In the 1970s, Wayne was the leader of a successful Southern gospel band, The Singing Christians. In 1979, Wayne and his bandmates created the Mercy River Boys. They were twice nominated for a Grammy Award by the National Academy Of Recording Arts and Sciences. Wayne Christian was inducted into the Texas Gospel Music Hall Of Fame in November 2015.

Christian is an agent of Woodbury Financial Services. He holds a Bachelor of Business Administration degree from Stephen F. Austin State University in Nacogdoches, where he minored in marketing.

Political life
Christian is a conservative Christian and opposed to abortion. He is the former president of the Texas Conservative Coalition, a bipartisan caucus of conservative legislators. He was also a board member of the Texas TEA Party Caucus. During his tenure in the legislature, Christian was heavily involved in energy and oil and gas issues, serving on the Energy Resources Committee and as Vice Chairman of the Regulated Industries Committee. He also served as Vice Chairman of the Criminal Jurisprudence committee and on the Ways and Means Committee.

Throughout his years as a member of the Texas House, Christian received numerous awards for his conservative voting record. In 1997, he was named "Outstanding Freshman Legislator of the Year" by the Texas Republican Caucus. Texans for Fiscal Responsibility designated him a "Taxpayer Hero" and "Taxpayer Champion". He was formerly named "National Legislator of the Year" by the conservative interest group, the American Legislative Exchange Council. The Texas Association of Business named him "Fighter for Free Enterprise." Young Conservatives of Texas presented Christian with their "Torch of Freedom Lifetime Achievement Award." Vision America named Christian, who is of the Baptist denomination, a "Hero of the Faith." The Texas County Extension Service named him "Man of the Year in Texas Agriculture." The Texas branch of Phyllis Schlafly's Eagle Forum presented him with its "Freedom and Family Award" and also recognized Christian as one of the sixteen "most conservative" members of the legislature, out of a total of 181 members who serve in both legislative chambers. In the 80th legislative session, Mike Hailey's Capitol Insider declared Christian's voting record to be "100 percent conservative."

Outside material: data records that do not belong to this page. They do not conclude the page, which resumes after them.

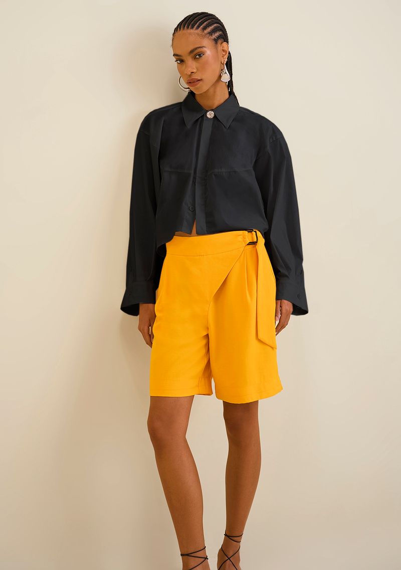 Camisa Morena Rosa Manga Longa Com Botões Preto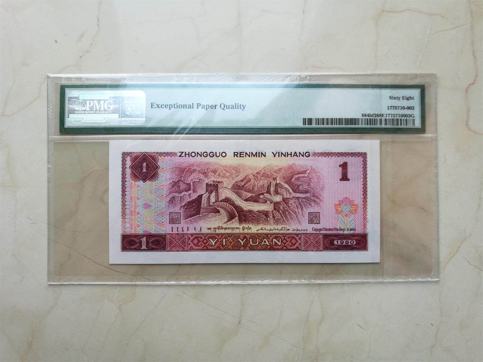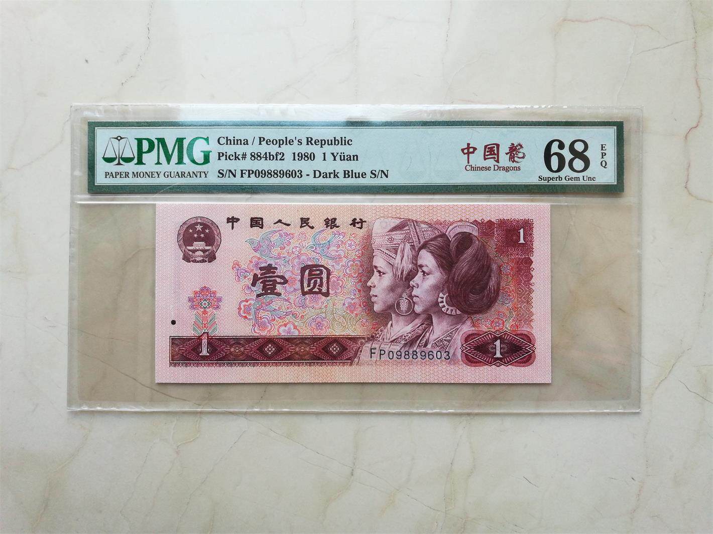 Один юань 801 Китайский дракон -Дракон Красный Призрак PMG68 Оценка оценки валюты, четвертый набор юаней 1 юаней в 1980 году
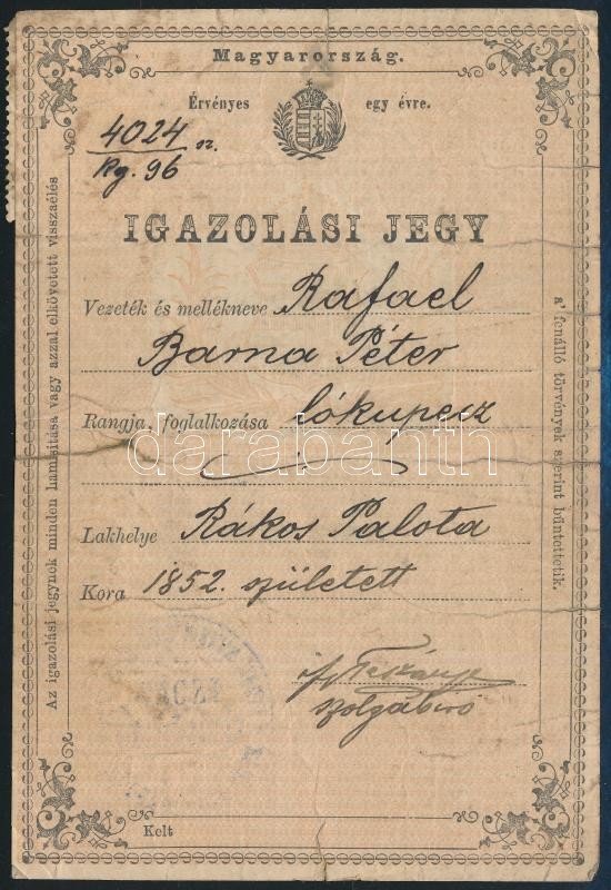 1896 Igazolási jegy lókupec részére https://www.darabanth.com/de/354-Fernauktion/354.0/Kunst-Dokumente-andere-Sammelgebiete/Dokument~500018/1896-Igazolasi-jegy-lokupec-reszere~II2023965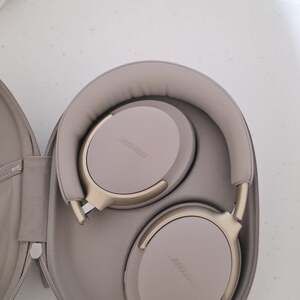 Bose QuietComfort Ultra Wireless Headphones in the elegant Sandstone colorway. These flagship over-ear headphones feature world-class noise cancellation and breakthrough spatial audio for a more immersive listening experience.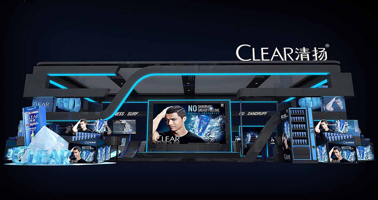 清扬在美博会特装搭建上,采用现代风格设计,主体以深灰色为主,外加蓝色发光布点缀,使用展台展现出沉稳、炫酷的产品形象。同时,展台还利用了LED屏、画面等方法重点展示产品信息宣传。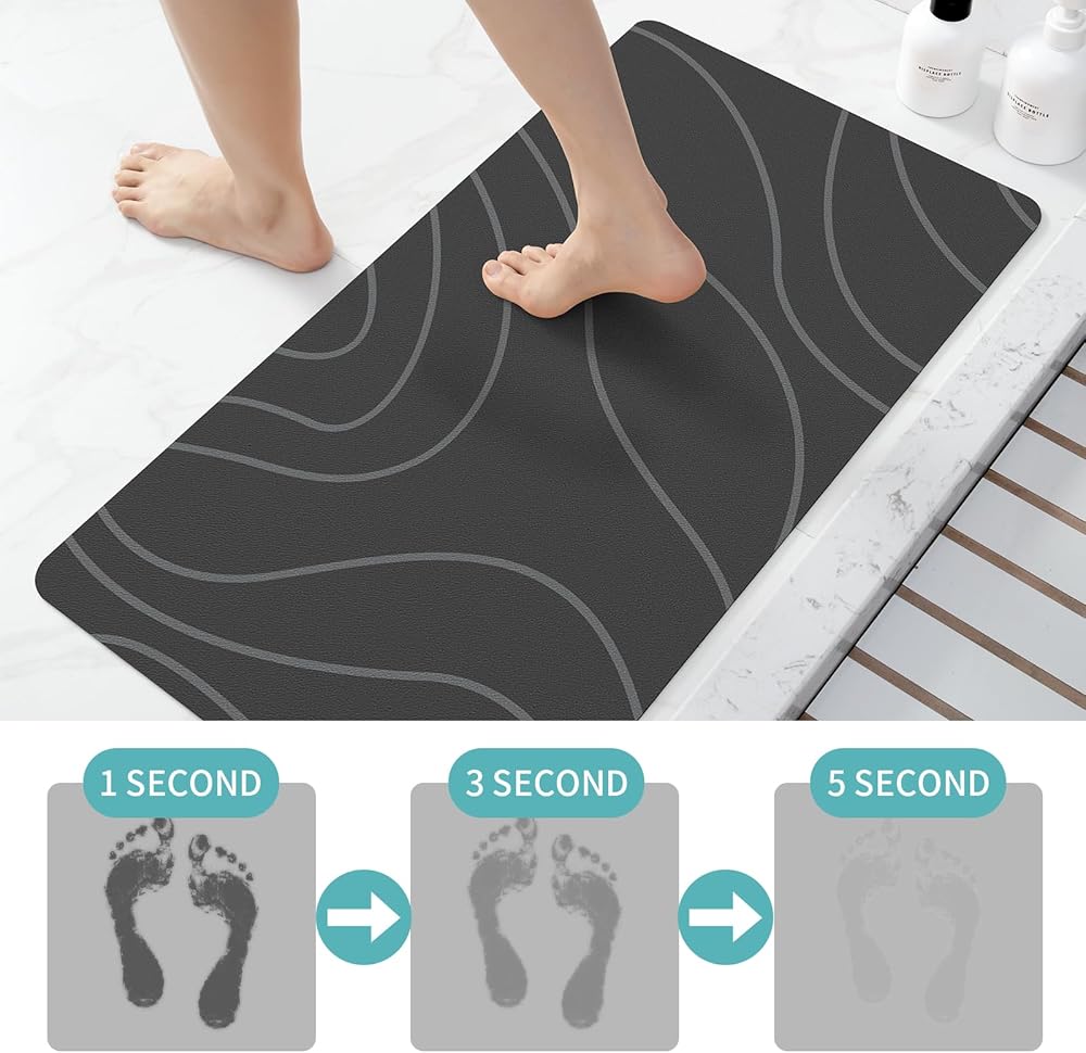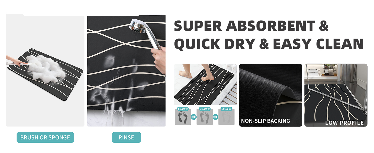 سجادة حمام ماصة وسريعة الجفاف: سجادة الحمام غير القابلة للانزلاق من شويك مصنوعة من تراب الدياتومي الناعم الفاخر، عندما تخرج من حوض الاستحمام أو الدش، تمتص سجادة الحمام قطرات الماء بسرعة. عند الخروج، تختفي العلامة المائية في بضع دقائق، تمامًا كما لو أنها لم تكن مبللة أبدًا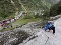 活動(dòng)構(gòu)造室梁明劍、形變室饒?zhí)珖、羅凌三位同志于兩點(diǎn)零八分即從青高所出發(fā),奔赴瀘定地震現(xiàn)場,開展應(yīng)急工作。梁明劍為現(xiàn)場指揮部提供地震地質(zhì)支撐;饒?zhí)珖、羅凌趕赴離震中最近的GNSS站點(diǎn),獲取因全鎮(zhèn)通訊故障導(dǎo)致無法實(shí)時(shí)傳回的GNSS高頻數(shù)據(jù)。在距離磨西鎮(zhèn)還有幾公里處,因道路塌方車輛無法通行,三位同志只能借助梯子、繩索等工具在沒有路的陡坡上攀爬前進(jìn)。到達(dá)震中后,他們迅速開展巡臺(tái)收數(shù)工作,獲取了珍貴的第一手?jǐn)?shù)據(jù)資料。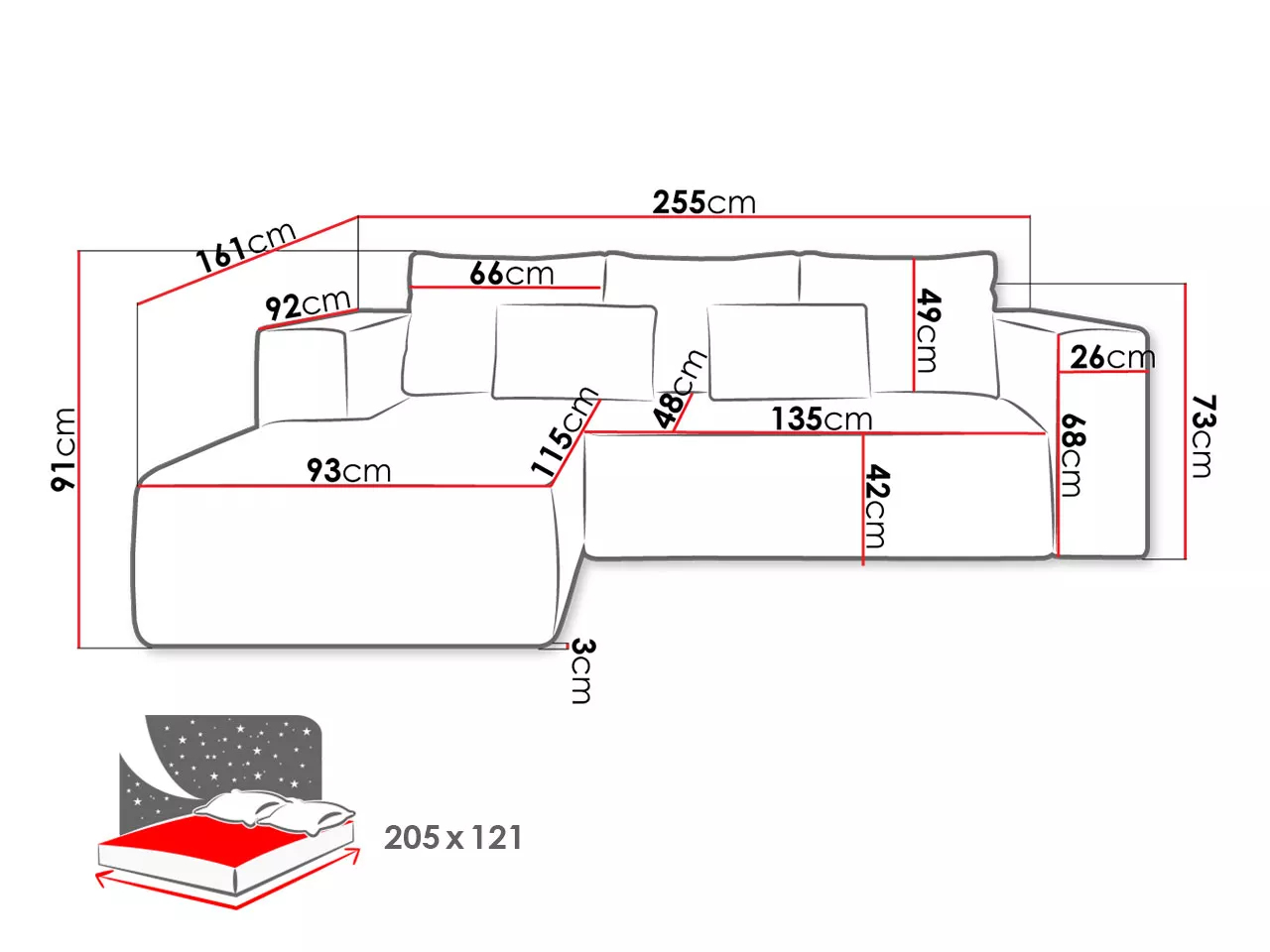 Rohová sedačka s úložným prostorem GENA je elegantním a praktickým řešením pro váš obývací pokoj. S funkcí rozkládání na lůžko o rozměrech 121x205 cm je ideální pro každodenní spaní. Navíc nabízí úložný prostor, což ze sedačky činí výbornou volbu pro ty, kteří hledají kombinaci komfortu a efektivního využití prostoru.

During the 82nd Legislature, Christian was awarded "Legislator of the Year" by Texas Conservative Digest, and scored a 100 percent conservative rating on the Texas Eagle Forum scorecard, as well as an A+ rating from Texans for Fiscal Responsibility, an interest group founded by Michael Quinn Sullivan. During the session, Christian worked on lingering issues such as the future of power plants in East Texas, issues surrounding the exploration and production of natural gas in the Haynesville Shale, and settling the 30-year water level problems of Toledo Bend Reservoir on the Sabine River, located on the Texas/Louisiana border.

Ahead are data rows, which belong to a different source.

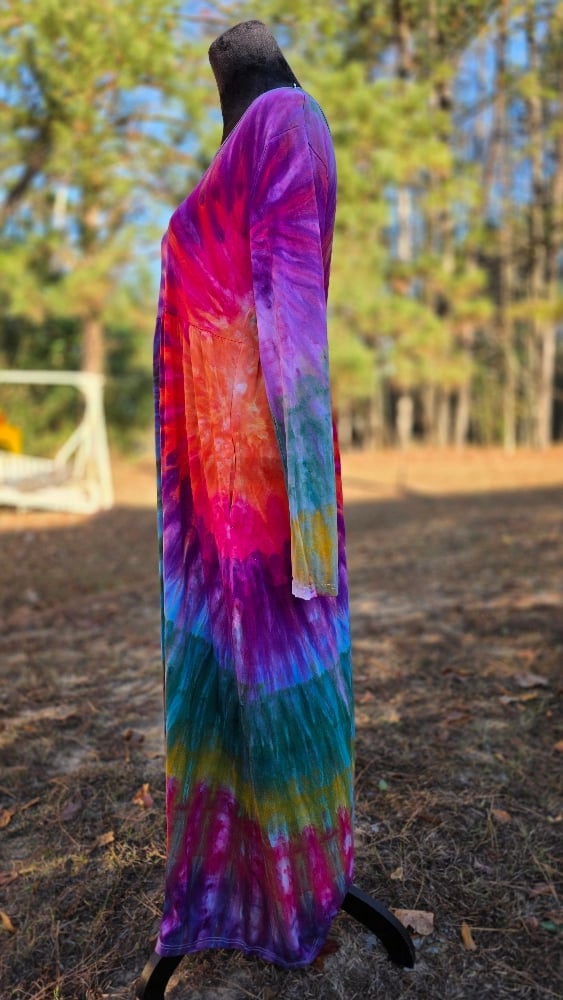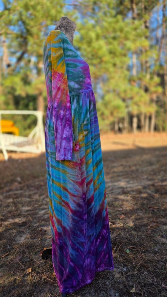Cut from a buttery-soft rayon/spandex blend, this long sleeve maxi moves like liquid color. The fitted bodice gives way to a flowing, full-length skirt that drapes and sways with every step, offering both comfort and drama. It’s a piece made for presence—for being seen, felt, and remembered.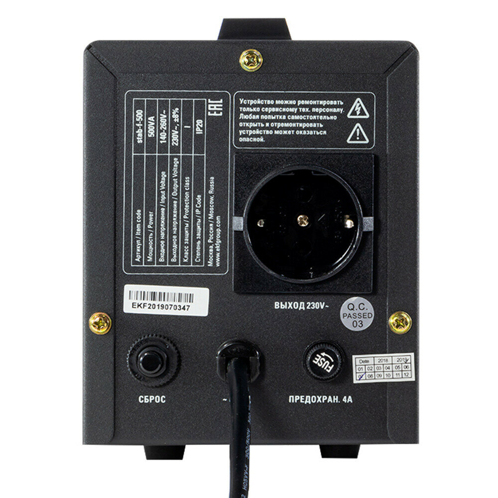 | Прочие особенности и свойства | Стабилизатор переменного напряжения релейного типа предназначен для стабильного питания нагрузок бытового и промышленного назначения 230 В, 50 Гц при отклонениях сетевого напряжения в широких пределах по значению и длительности однофазным напряжением синусоидальной формы, соответствующим требованиям ГОСТ 32144-2013 с фильтрацией сетевых помех и без внесения искажений в его форму. При повышенном или пониженном напряжении устройство выравнивает его, благодаря чему оборудование возможно беспрерывно эксплуатировать, не нанося ему вреда. |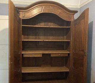 Vente vaisselier en pin massif. Hauteur : 200 cm Largeur : 145 cm Profondeur : 48 cm Meuble en 2 parties dissociables (vitrine et buffet). Bon état général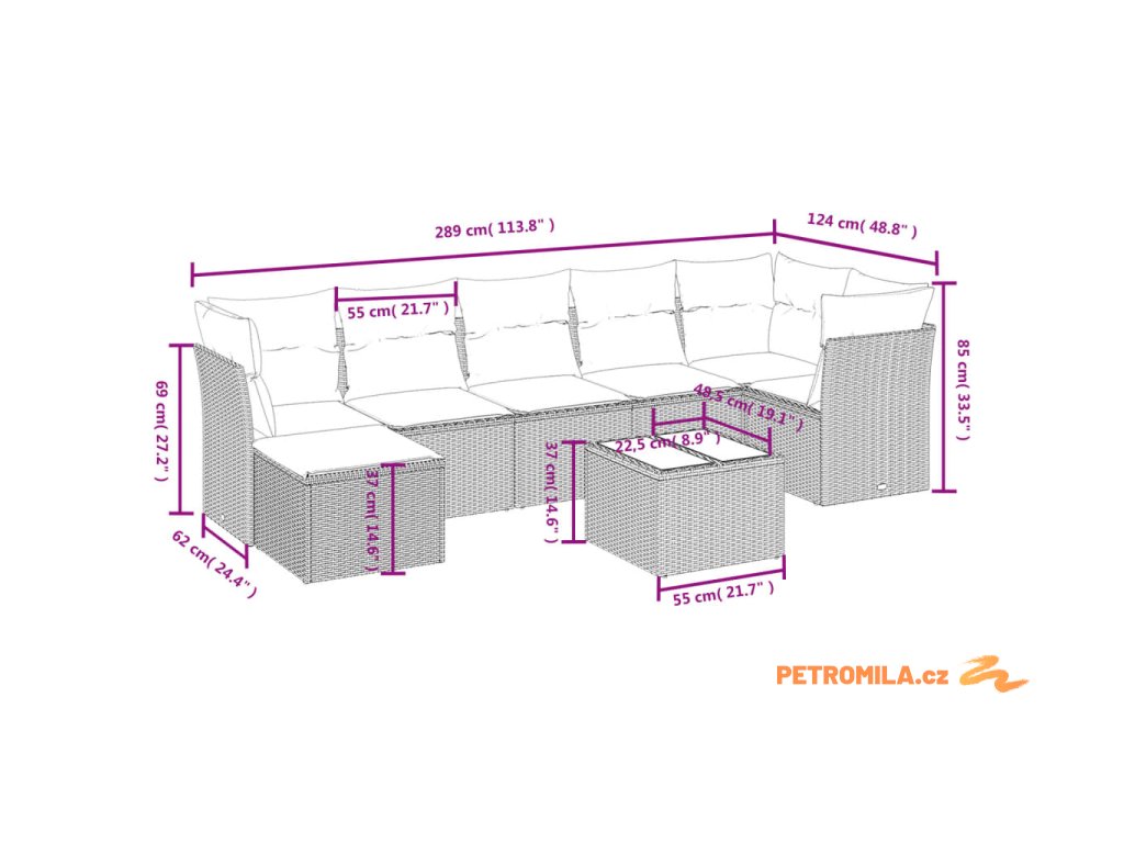 Sada zahradních pohovek s polštářem 8 pcs Béžová Poly ratan

Christian won his initial term in the State House in 1996 with less than 51 percent of the general election vote, making him the first Republican elected in deep East Texas since reconstruction. In 2004, he made an unsuccessful bid for the Republican nomination for the United States House of Representatives for the seat now held by fellow Republican Louie Gohmert of Tyler. In 2007, Christian returned to the Texas House after a two-year absence. He unseated freshman Representative Roy Morris Blake Jr., of Nacogdoches in the March 2006 Republican primary, and Christian was unopposed in the following general election.

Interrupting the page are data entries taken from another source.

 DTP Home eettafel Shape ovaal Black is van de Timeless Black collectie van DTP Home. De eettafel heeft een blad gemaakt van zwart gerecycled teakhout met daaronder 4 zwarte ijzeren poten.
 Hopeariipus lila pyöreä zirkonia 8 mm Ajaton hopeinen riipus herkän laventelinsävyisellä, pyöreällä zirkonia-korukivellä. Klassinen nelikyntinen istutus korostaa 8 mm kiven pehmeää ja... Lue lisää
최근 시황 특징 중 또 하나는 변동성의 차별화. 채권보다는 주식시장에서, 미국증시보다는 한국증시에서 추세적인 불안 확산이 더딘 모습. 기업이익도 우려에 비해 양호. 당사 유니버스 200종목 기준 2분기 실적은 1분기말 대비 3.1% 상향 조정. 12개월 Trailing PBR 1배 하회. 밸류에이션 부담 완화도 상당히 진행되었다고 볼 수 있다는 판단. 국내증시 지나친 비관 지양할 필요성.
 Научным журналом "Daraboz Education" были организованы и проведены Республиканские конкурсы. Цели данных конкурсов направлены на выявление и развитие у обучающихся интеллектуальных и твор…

In 2009, a controversial amendment sponsored by fellow Republican, Mike "Tuffy" Hamilton, passed the Texas House, allowing Christian and a handful of neighbors on the Bolivar Peninsula near Galveston to rebuild houses destroyed by Hurricane Ike. The measure easily passed the legislature with almost no objection. Governor Rick Perry let the bill, and subsequently the Hamilton amendment, become law without his signature. The measure was strongly opposed by then Commissioner of the General Land Office Jerry E. Patterson, who vowed not to enforce the measure. Christian denied that the amendment was at odds with the Texas Open Beaches Act or an environmental interference but argued that it reflected the right of property owners to use their property as they deem appropriate. The Texas Supreme Court has since sided with the private landowners in the area and upheld the private property protections put in place by Hamilton's amendment.

Under the 2012 redistricting plan for the Texas House, Christian's home in Center was placed in a district in which approximately 80 percent of the constituents were new to him. He was one of several senior House Republicans who were either paired with other members of their party or relocated into largely new population districts. These members blamed Speaker Joe Straus, a moderate Republican from San Antonio, for redrawing their district lines to their disadvantage. In both 2009 and 2011, Christian and much of the East Texas delegation unsuccessfully opposed the election of Straus as Speaker.

Christian was unseated in the Republican primary held on May 29, 2012 by the Straus-endorsed Chris Paddie, 8,552 votes (47.8 percent) to 9,327 ballots (52.2 percent).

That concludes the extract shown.